Segment Start: Source data

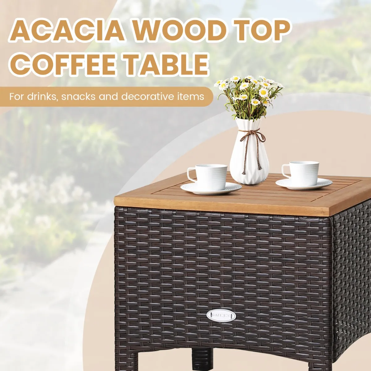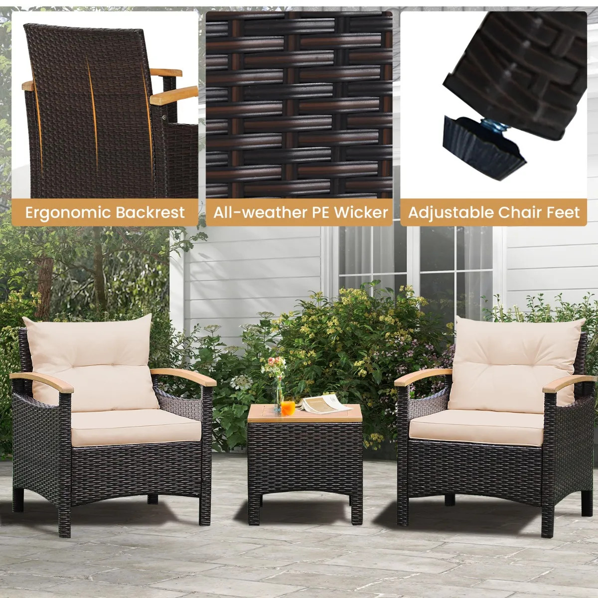 Elegante stijl en brede toepassing : Met zijn elegante uiterlijk past deze 3-delige patioset goed bij buitenomgevingen of binnen inrichtingsstijlen. U kunt hem plaatsen bij het zwembad, op de veranda, op het balkon, enz. Of het nu individueel of in combinatie wordt gebruikt, deze veelzijdige rotan meubelset zal het hoogtepunt van uw buitenruimte zijn.
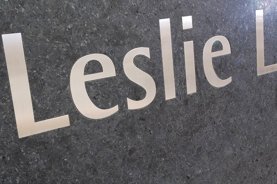 Scope: Soheil Mosun Limited was commissioned to manufacture and assemble (1) custom granite ground sign with waterjet cut, brushed stainless steel incised lettering and precision carved graphics.
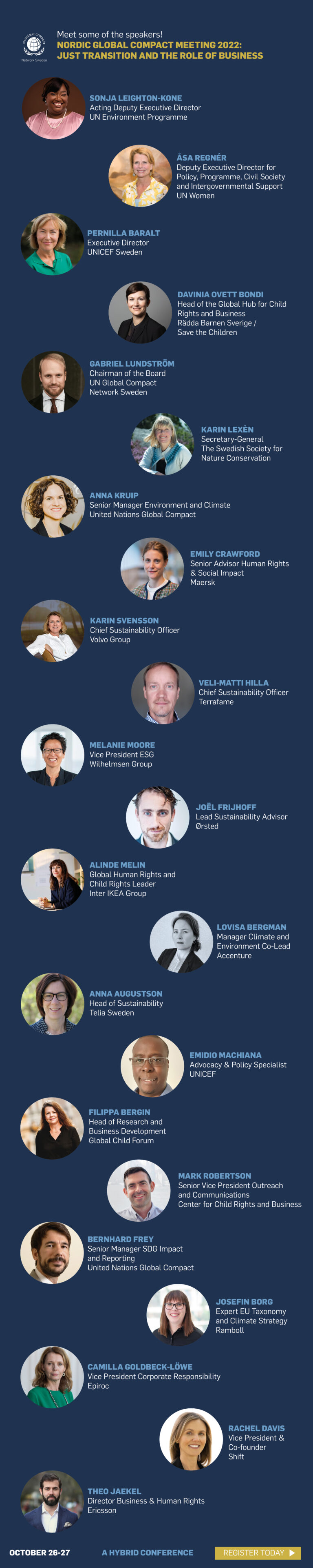 Organised by the Swedish Local Network, the panel discussion is part of the hybrid Nordic Global Compact Meeting, taking place in Gothenburg, Sweden, on October 26-27. Titled, “Just Transition and the Role of Business”, the conference focuses on ensuring a just transition in human rights and climate. To ensure a just transition, where both social, environmental and economic requirements are met, cooperation between different actors is crucial. No company can solve the many crises we are currently facing on its own. Therefore, the two-day conference will have a special focus on enabling collaboration, share experiences and brainstorm solutions around common challenges.
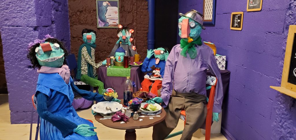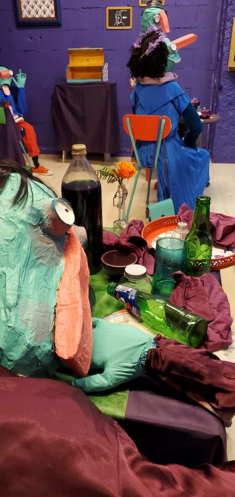 Cette installation constitue un prolongement sculptural de ma série de peintures Ceux qui continuent. En quittant la surface de la toile pour s’incarner à taille réelle, ces personnages s’approprient l’espace physique d’un restaurant imaginaire à travers une matérialité hybride faite de carton, de ferraille, de plastique, de bois, de divers objets de récupération et de mes propres vêtements.

Segment End: Source data

An exact, word-for-word version of the material is required, free of pictures.

 Elegante stijl en brede toepassing : Met zijn elegante uiterlijk past deze 3-delige patioset goed bij buitenomgevingen of binnen inrichtingsstijlen. U kunt hem plaatsen bij het zwembad, op de veranda, op het balkon, enz. Of het nu individueel of in combinatie wordt gebruikt, deze veelzijdige rotan meubelset zal het hoogtepunt van uw buitenruimte zijn.
 Scope: Soheil Mosun Limited was commissioned to manufacture and assemble (1) custom granite ground sign with waterjet cut, brushed stainless steel incised lettering and precision carved graphics.
 Organised by the Swedish Local Network, the panel discussion is part of the hybrid Nordic Global Compact Meeting, taking place in Gothenburg, Sweden, on October 26-27. Titled, “Just Transition and the Role of Business”, the conference focuses on ensuring a just transition in human rights and climate. To ensure a just transition, where both social, environmental and economic requirements are met, cooperation between different actors is crucial. No company can solve the many crises we are currently facing on its own. Therefore, the two-day conference will have a special focus on enabling collaboration, share experiences and brainstorm solutions around common challenges.
 Cette installation constitue un prolongement sculptural de ma série de peintures Ceux qui continuent. En quittant la surface de la toile pour s’incarner à taille réelle, ces personnages s’approprient l’espace physique d’un restaurant imaginaire à travers une matérialité hybride faite de carton, de ferraille, de plastique, de bois, de divers objets de récupération et de mes propres vêtements.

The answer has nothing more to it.